» WHAT TO WORK ON: Will you write out the data exactly, excluding every picture?

» SUPPLIED MATERIAL:
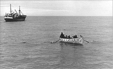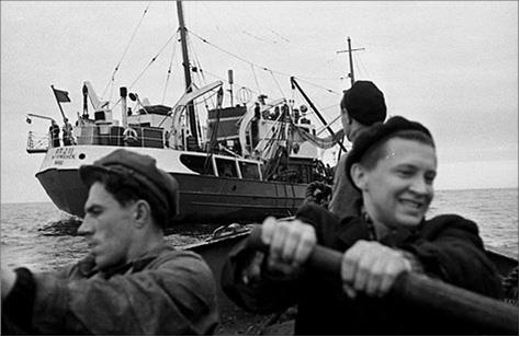 Рандеву состоялось под вечер. Маленькая черная точка на прояснившемся горизонте постепенно вырастает до размеров нормального корабля, и еще через полчаса, после манипуляций со шлюпкой, приплясывающей на свинцовой зыби, в Мурманск уходит радиограмма: «Корреспондент «Огонька» принят на борт».
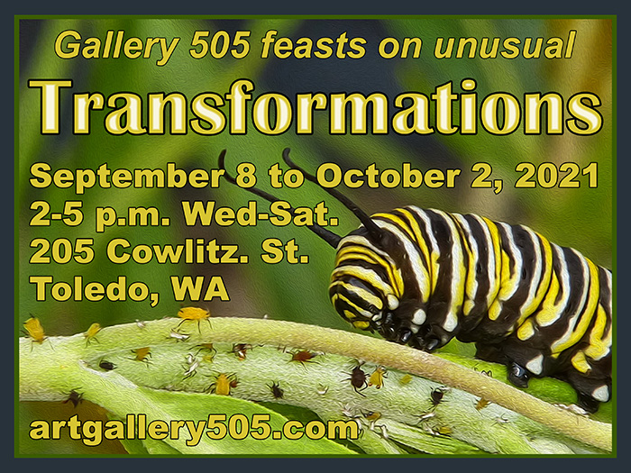 Gallery 505 considers Transformations this month, featuring artwork by Susan Blubaugh, Eileen Eddleman, Bob Espen, John Fish, Brendan Fuller, Curtis Johnson, Margaret Kincaid, Patty Misch, Di Morgan, Emily Morgan, Jake Morgan, Mike Morgan, Shauna Petty, Linda Shepherd, Janice Sutherlin & Pauli Wolfe.
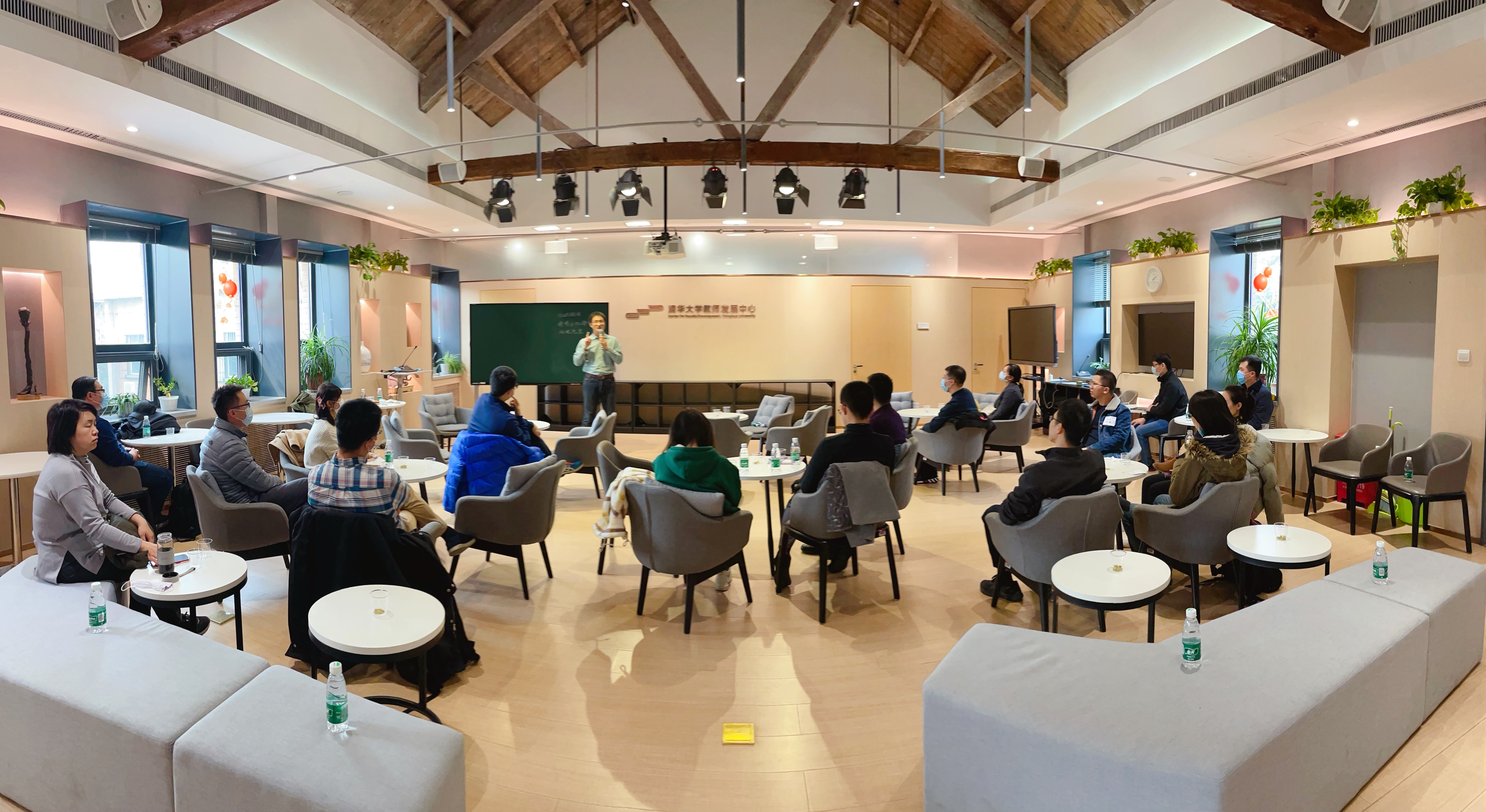 细心的参与者发现,活动开始前,每个小桌上都被摆上了葡萄干,随着活动进行到第三环节,贾坤开始引导大家“品尝”葡萄干。从观察葡萄干的形状与细致的纹理,到闻葡萄干的气味,再到倾听葡萄干的“声音”,最后慢慢品尝葡萄干的味道。教师们有的对着灯光观察葡萄干,有的放在耳边仔细聆听,有的触摸葡萄干的表面……大家都聚精会神地投入到活动中。贾坤鼓励大家从“身体感觉、想法、情绪”等方面觉察自己的情绪和压力反应。他又结合大家的工作压力,介绍了战斗或逃跑反应(Fight-or-flight response)的原理,建议教师们要觉察不良压力反应,在“战斗”与“逃跑”之间取得平衡,更智慧、更灵活地看待和应对压力。

» RESULT OF THIS EXERCISE:
 Рандеву состоялось под вечер. Маленькая черная точка на прояснившемся горизонте постепенно вырастает до размеров нормального корабля, и еще через полчаса, после манипуляций со шлюпкой, приплясывающей на свинцовой зыби, в Мурманск уходит радиограмма: «Корреспондент «Огонька» принят на борт».
 Gallery 505 considers Transformations this month, featuring artwork by Susan Blubaugh, Eileen Eddleman, Bob Espen, John Fish, Brendan Fuller, Curtis Johnson, Margaret Kincaid, Patty Misch, Di Morgan, Emily Morgan, Jake Morgan, Mike Morgan, Shauna Petty, Linda Shepherd, Janice Sutherlin & Pauli Wolfe.
 细心的参与者发现,活动开始前,每个小桌上都被摆上了葡萄干,随着活动进行到第三环节,贾坤开始引导大家“品尝”葡萄干。从观察葡萄干的形状与细致的纹理,到闻葡萄干的气味,再到倾听葡萄干的“声音”,最后慢慢品尝葡萄干的味道。教师们有的对着灯光观察葡萄干,有的放在耳边仔细聆听,有的触摸葡萄干的表面……大家都聚精会神地投入到活动中。贾坤鼓励大家从“身体感觉、想法、情绪”等方面觉察自己的情绪和压力反应。他又结合大家的工作压力,介绍了战斗或逃跑反应(Fight-or-flight response)的原理,建议教师们要觉察不良压力反应,在“战斗”与“逃跑”之间取得平衡,更智慧、更灵活地看待和应对压力。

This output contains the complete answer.